The second chapter explores how middle-class Americans responded to the modernist battle cry “make it new!” not only by embracing new technologies, fashions, and aesthetic forms but also, and more simply, by representing poor white people as antiquated—a practice intended to throw into relief middle-class modernness. I argue that William Faulkner’s novel As I Lay Dying (1930) interrogates ideas about poor white southerners’ backwardness set forth by eugenics and other modern movements. Faulkner deployed the structural forms and stylistic techniques that define modernism in response to the challenge of fictionally representing the ideas and experiences of rural poor white characters in new ways. Signal modernist devices like stream-of-consciousness narration allow poor white speakers to articulate sophisticated thoughts that their somewhat narrow lexicons would otherwise make it hard to voice.

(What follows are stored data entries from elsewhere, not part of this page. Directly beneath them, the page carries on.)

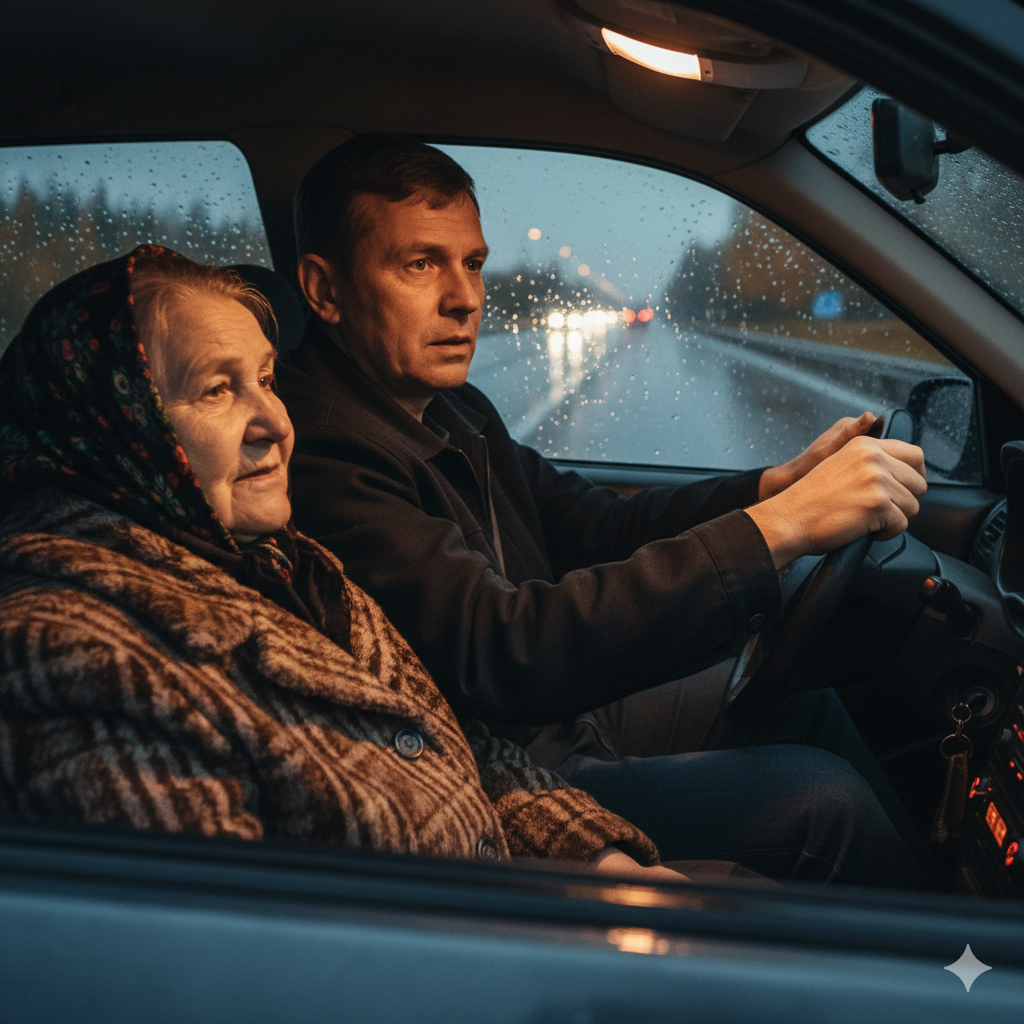 Он выехал на трасу. Уже смеркалось, а до города ехать ещё километров 50. Начался мелкий дождик. Иван включил дворники и пробурчал: «Ещё дождя до полного удовольствия не хватало». Преодолев пару десятков километров, он заметил бредущую по обочине пожилую женщину. Проскочил мимо, проехал немного и нога сама нажала на тормоз. Поблизости вроде бы никаких домов нет, куда идёт эта старушка? Может случилось что-то и помощь нужна? Он развернулся и поехал обратно.
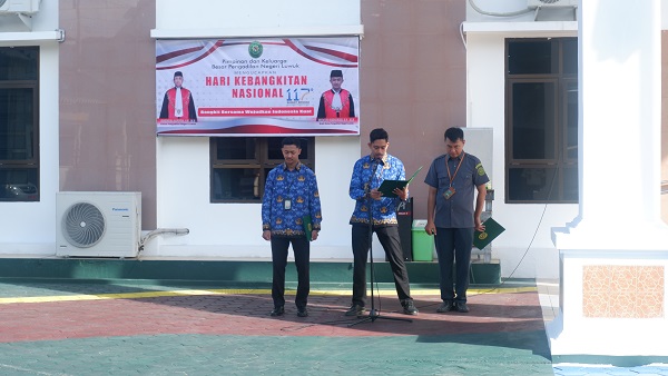 Luwuk, 20 Mei 2025. Pada hari Selasa pagi bertempat di Halaman Kantor Pengadilan Negeri Luwuk, berlangsung kegiatan Upacara dalam rangka memperingati Hari Kebangkitan Nasional ke-117 Tahun 2025. Pelaksanaan upacara ini di pimpin langsung oleh Wakil Ketua Pengadilan Negeri Luwuk Bapak Widodo Hariawan, S.H., M.H. dan di ikuti oleh para Hakim, Panitera, para Panitera Muda, Pejabat struktural dan fungsional serta para PPNPN pada Pengadilan Negeri Luwuk. Tema peringatan hari Kebangkitan Nasional ke-117 tahun 2025 ini adalah “Bangkit Bersama Wujudkan Indonesia Kuat”.
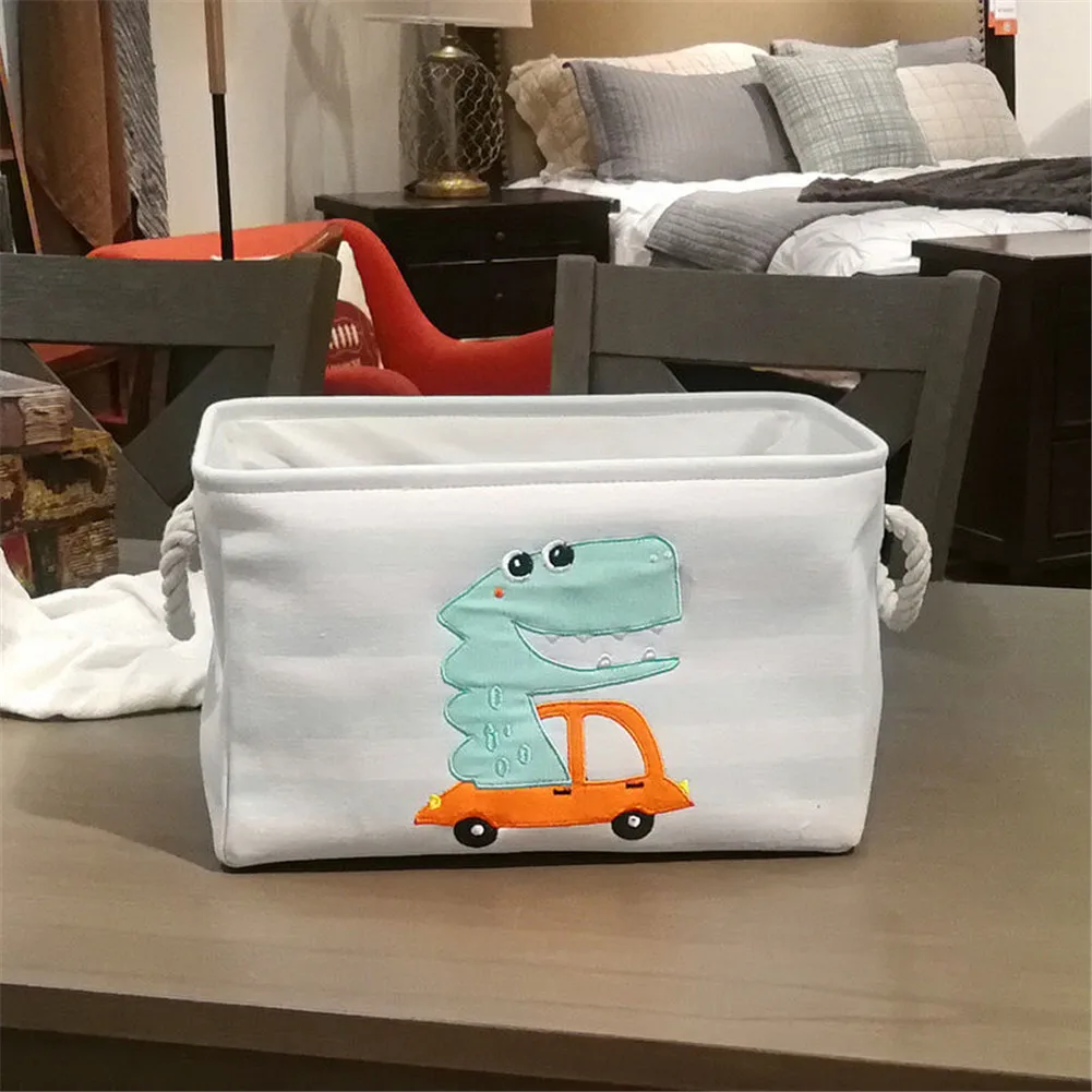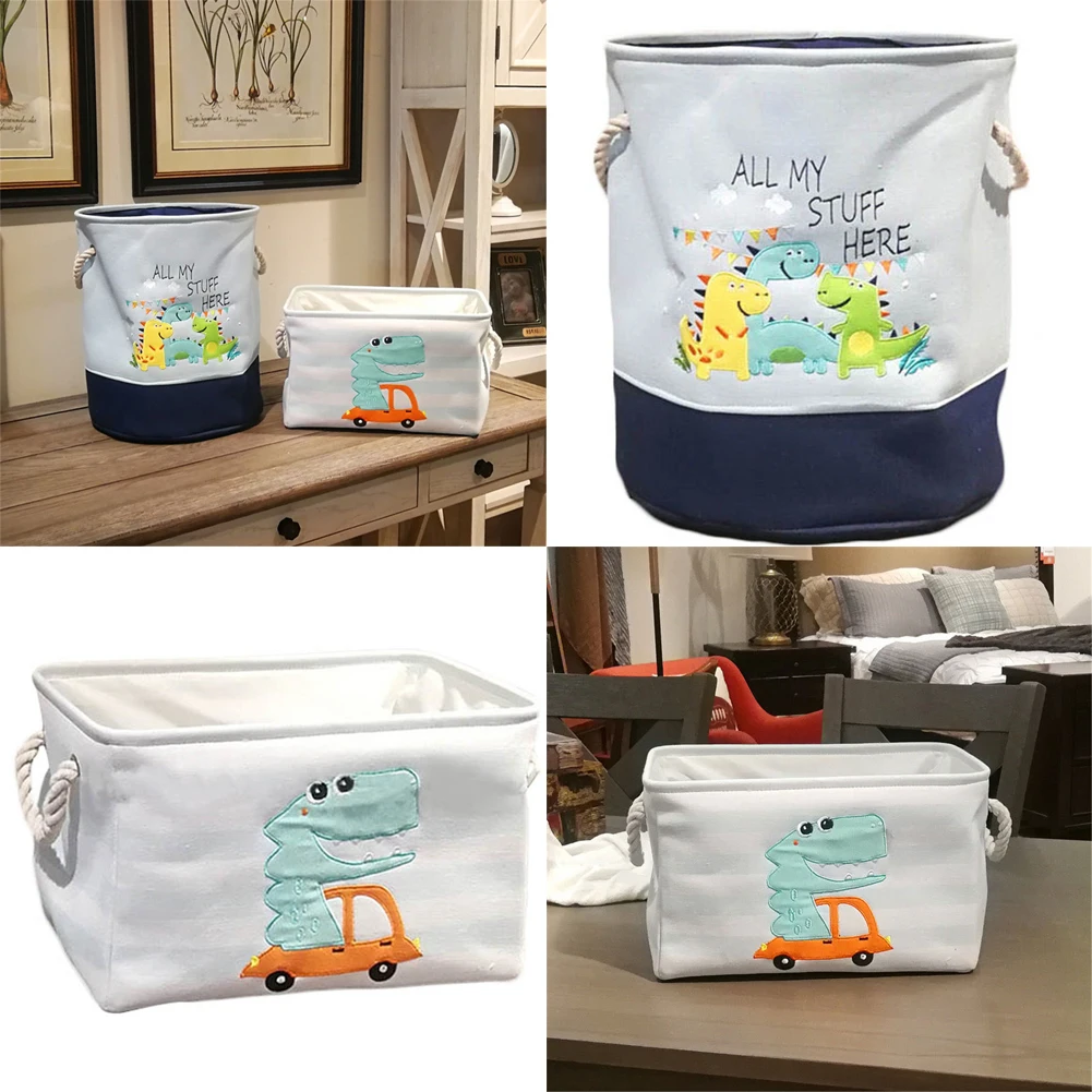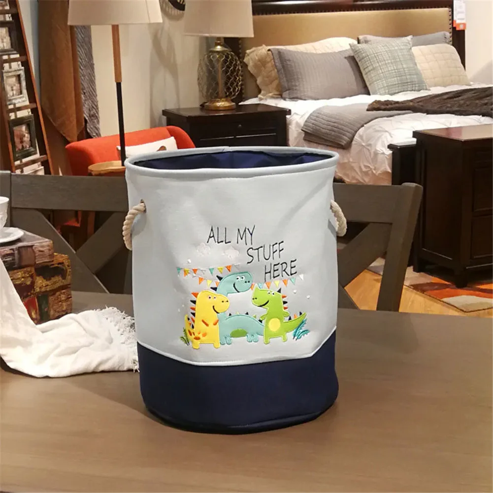 Тканевая корзина для белья, Сумка с вышивкой, холст, лен, динозавр, мультяшная корзина для хранения холста, грязная одежда, домашние Органайзеры
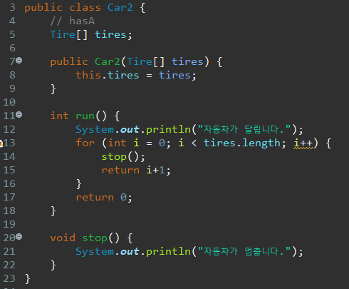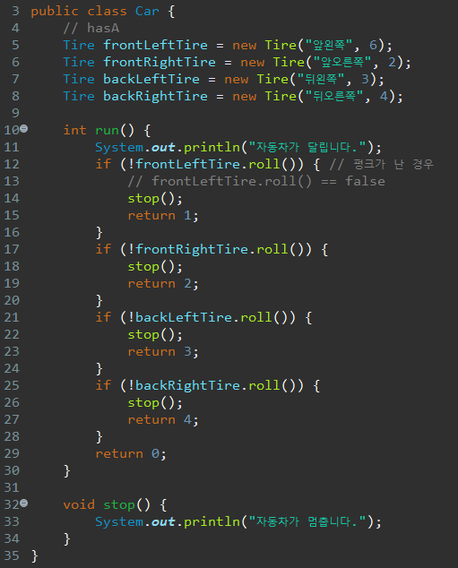 Car 클래스에서는 자동차의 타이어 4개를 필드로 정의하고, run(), stop() 메소드를 정의하였고,
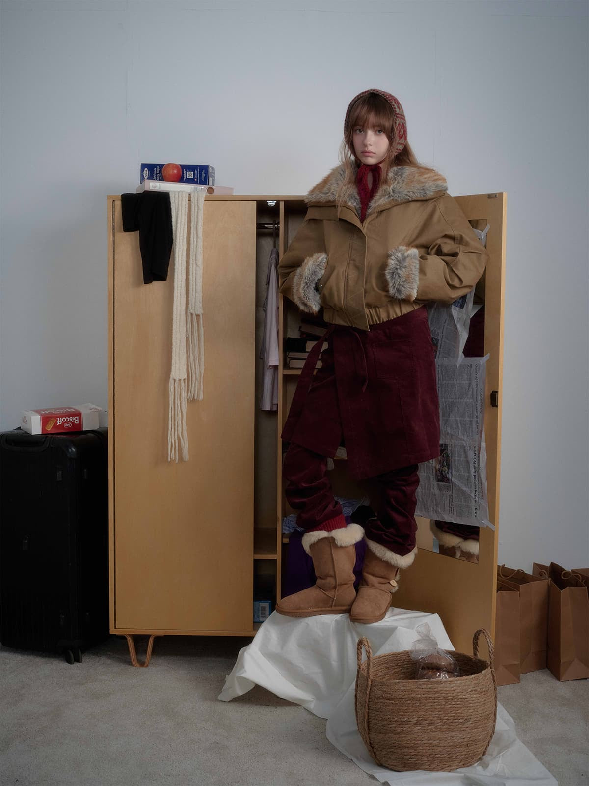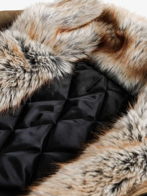 •    Luxurious faux fur trim adds warmth and style to your outfit
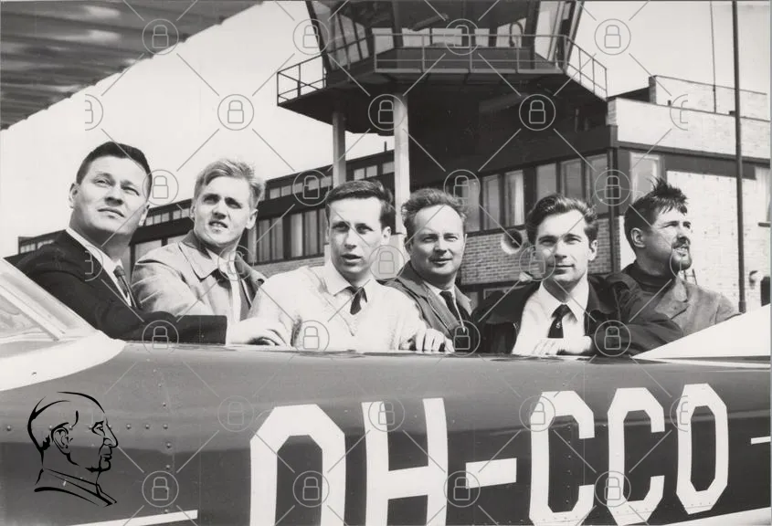 flygplats, män, svartvitt, kontrolltorn, 1960-tal, flygplan, uniformer, gruppfoto, historia, luftfart, teknik, professionella, samarbete, fotografering, vintage, nostalgi, flygpersonal, civil luftfart, säkerhet, kommunikation, teamwork, flygoperatörer, flygindustri, resor, transport, luftfartsmyndighet, flygplatsmiljö, män i kostym, flygplansdelar, flygplansregistrering
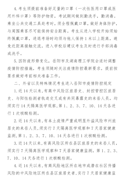 身处岳阳市以外的专升本考生入岳时请提供48小时内核酸检测证明,到达岳阳市后请在岳阳自行再次做核酸检测。除湖南省内本土无疫情发生的市州来岳人员外,其他省内本土有疫情发生的市州及外省来岳人员请微信关注“湖南省居民健康卡”公众号,选择“健康卡”,在便民服务中选择“入湘报备”,填写相应信息进行报备。如有其他疫情防控方面的疑问,请拨打岳阳市疫情防控办电话07302955131咨询,其他专升本相关问题请拨07308648845.
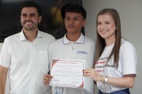 Representante da Lotep, Taciana Marinho, entregando o certificado para um dos vencedores do concurso; à esquerda, o Secretário de Educação, Wilson Filho. Imagem: Laura Moura.
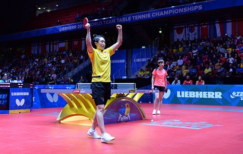 女子団体グループリーグ、中国はシンガポールと対戦。中国が勝利するも、若手の王曼昱がベテランの馮天薇に敗れ、小さなほころびを見せた。
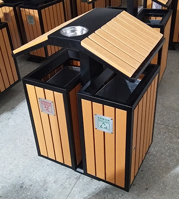街道兩分類鋼木垃圾箱
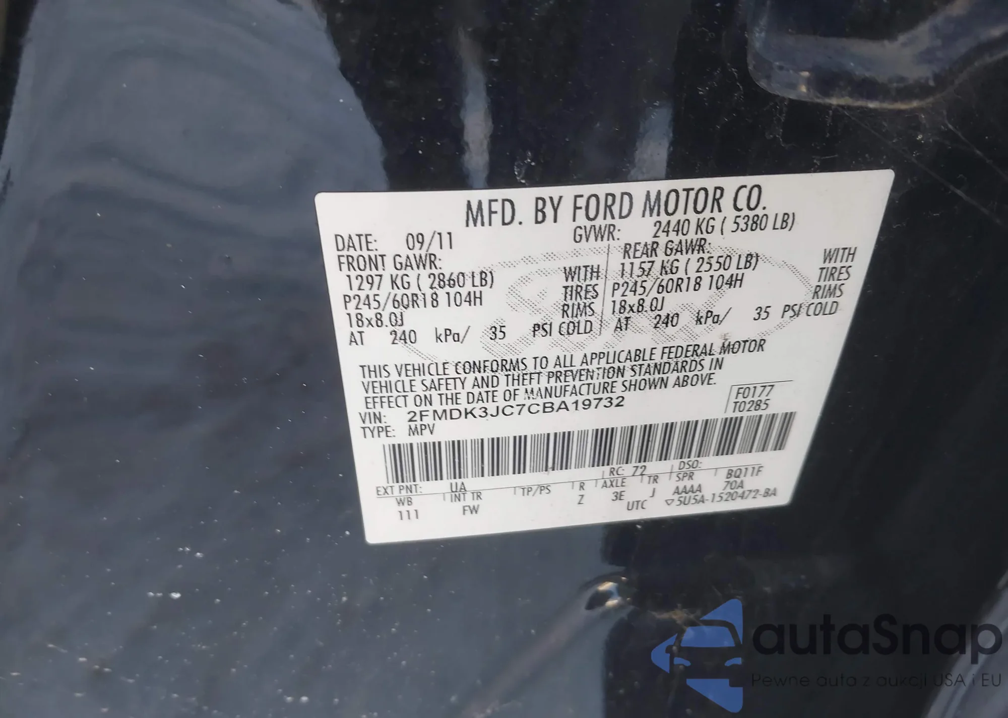 • VIN 2FMDK3JC7CBA19732
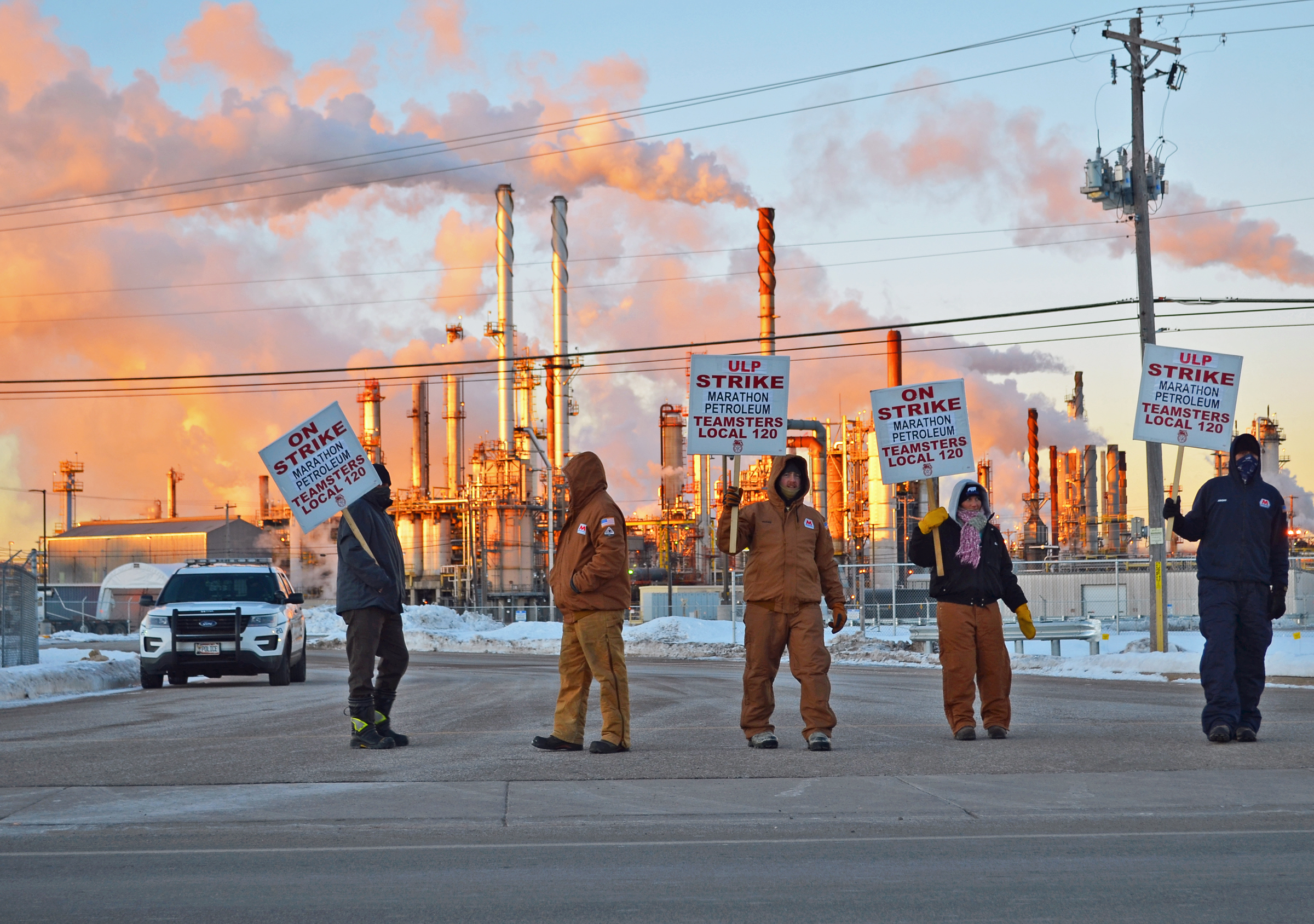 Members of Teamsters Local 120 picketed the main gate at Marathon’s St. Paul Park refinery on Day 2 of their ULP strike.

Some of the most celebrated writers of the 1930s generation dabbled with Marxist politics, but later renounced their earlier political commitments. A Cold War critical consensus emerged that saw Communism and its socialist realist theory of art as deadening forces, that were incompatible with good writing. Shifting the focus to some less canonical figures, the chapter sees the relationship between Communism and literature in the 1930s as a more productive one. The chapter focuses on three ‘conversion narratives’, whose protagonists move from false consciousness to political commitment: Sylvia Townsend Warner’s Summer Will Show, Mulk Raj Anand’s Untouchable, and Lewis Grassic Gibbon’s A Scots Quair. These novels have complicated relationships to socialist realism. They want to cut through ideological fog and to see ‘reality as it is’ and ‘whither it is moving’ (in Radek’s phrase), but they use modernist literary techniques to this end, and grapple with epistemological doubt. They also complicate the traditional Marxist emphasis on class by putting it into dialogue with gender, sexuality, race, national identity, and rural identity.